**Instructions for the task:**
Print the data exactly as written, but leave out each picture.
○ ○ ○ ○ ○
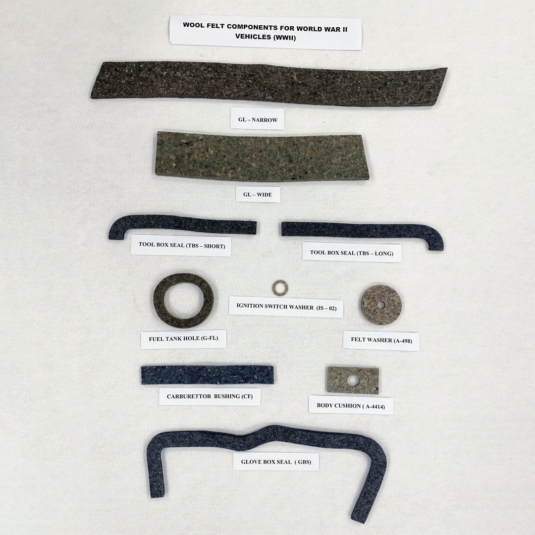• Felt components manufactured for World War 2 era vehicle restoration and maintenance
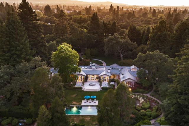 Tucked behind gates on over 2.3 acres, this stunning estate of nearly 7,700 sf offers rare scale, privacy, and resort-like luxury. A long driveway leads to a grand motor court, where towering double doors open to soaring interiors filled with natural light, hardwood floors, and refined stone finishes. The home balances everyday comfort with impressive entertaining space, with expansive gathering areas, a gourmet kitchen, fireplaces, and a private executive office. Four spacious bedrooms anchor the main residence, including a palatial primary suite with a spa-inspired bath. The grounds are equally impressive, featuring sweeping lawns, a spectacular pool, sun-drenched terraces, and multiple areas to relax and entertain. A stylish pool house includes its own guest suite for extended stays, while a separate wine building evokes the charm of a boutique Napa tasting room. This private retreat is minutes from downtown Menlo Park and Palo Alto, Stanford University, and Sand Hill Road.
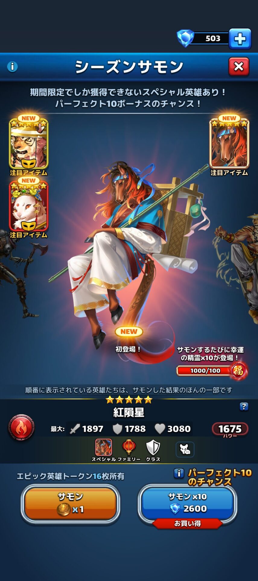 旧正月ファミリーの超強力星5英雄である紅隕星が出る今回のシーズンサモン。今回はそのシーズンサモンを旧正月の乱闘で得たエピック英雄トークン×15枚+元からあった1枚で、16回連続でサモンしてみました。
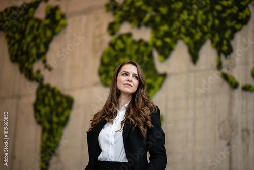 Fototapeta premium Young businesswoman envisioning global business growth
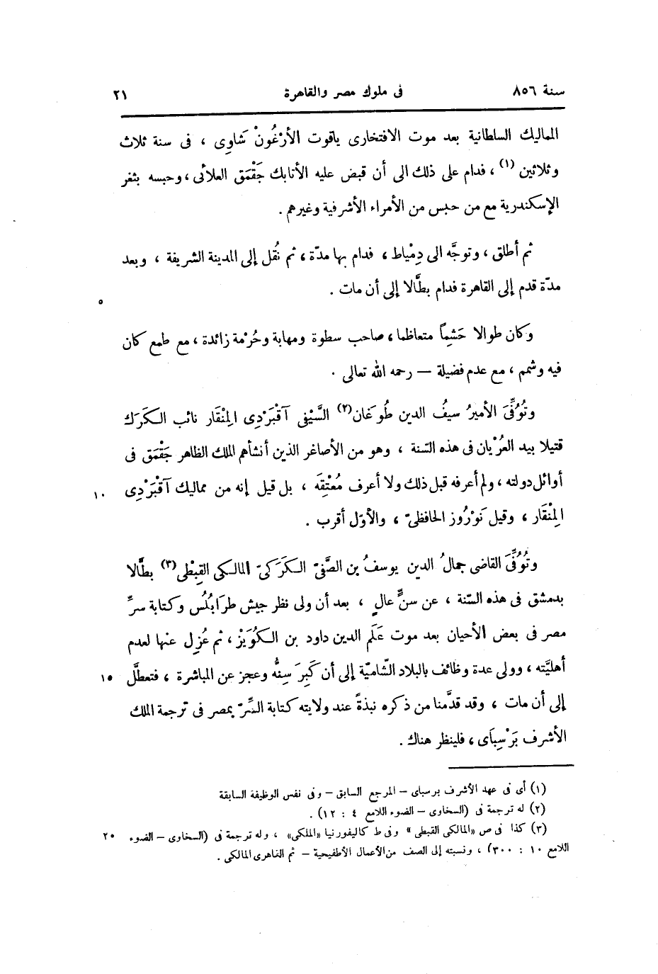 المماليك السلطانية بعد موت الافتخارى ياقوت الأرغون شاوى، فى سنة ثلاث وثلاثين «1» ، فدام على ذلك الى أن قبض عليه الأتابك جقمق العلائى، وحبسه بثغر الإسكندرية مع من حبس من الأمراء الأشرفية وغيرهم.
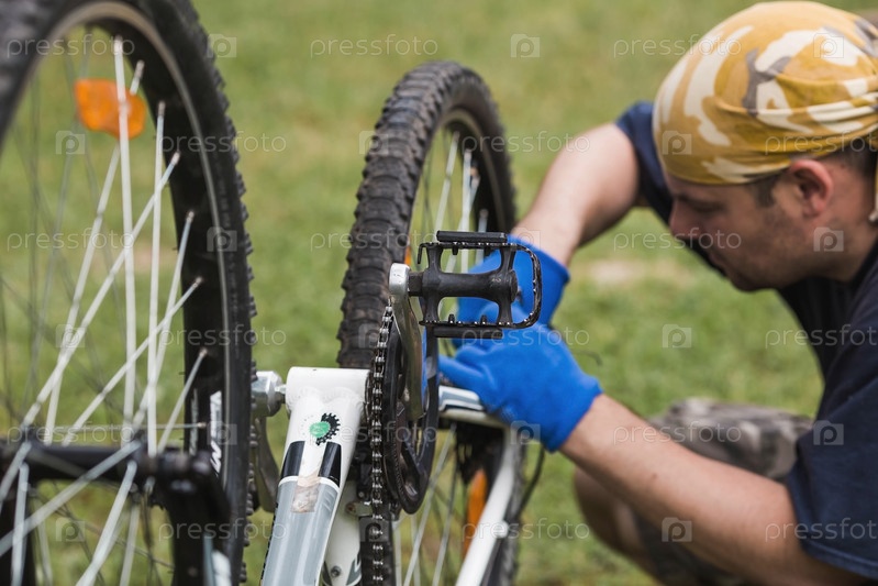 Механик-мужчина отрегулирует заднюю коробку передач и отремонтирует велосипед. Концепция обслуживания и ремонта велосипедов
○ ○ ○ ○ ○
**Solution to the exercise:**
• Felt components manufactured for World War 2 era vehicle restoration and maintenance
 Tucked behind gates on over 2.3 acres, this stunning estate of nearly 7,700 sf offers rare scale, privacy, and resort-like luxury. A long driveway leads to a grand motor court, where towering double doors open to soaring interiors filled with natural light, hardwood floors, and refined stone finishes. The home balances everyday comfort with impressive entertaining space, with expansive gathering areas, a gourmet kitchen, fireplaces, and a private executive office. Four spacious bedrooms anchor the main residence, including a palatial primary suite with a spa-inspired bath. The grounds are equally impressive, featuring sweeping lawns, a spectacular pool, sun-drenched terraces, and multiple areas to relax and entertain. A stylish pool house includes its own guest suite for extended stays, while a separate wine building evokes the charm of a boutique Napa tasting room. This private retreat is minutes from downtown Menlo Park and Palo Alto, Stanford University, and Sand Hill Road.
 旧正月ファミリーの超強力星5英雄である紅隕星が出る今回のシーズンサモン。今回はそのシーズンサモンを旧正月の乱闘で得たエピック英雄トークン×15枚+元からあった1枚で、16回連続でサモンしてみました。
 Fototapeta premium Young businesswoman envisioning global business growth
 المماليك السلطانية بعد موت الافتخارى ياقوت الأرغون شاوى، فى سنة ثلاث وثلاثين «1» ، فدام على ذلك الى أن قبض عليه الأتابك جقمق العلائى، وحبسه بثغر الإسكندرية مع من حبس من الأمراء الأشرفية وغيرهم.
 Механик-мужчина отрегулирует заднюю коробку передач и отремонтирует велосипед. Концепция обслуживания и ремонта велосипедов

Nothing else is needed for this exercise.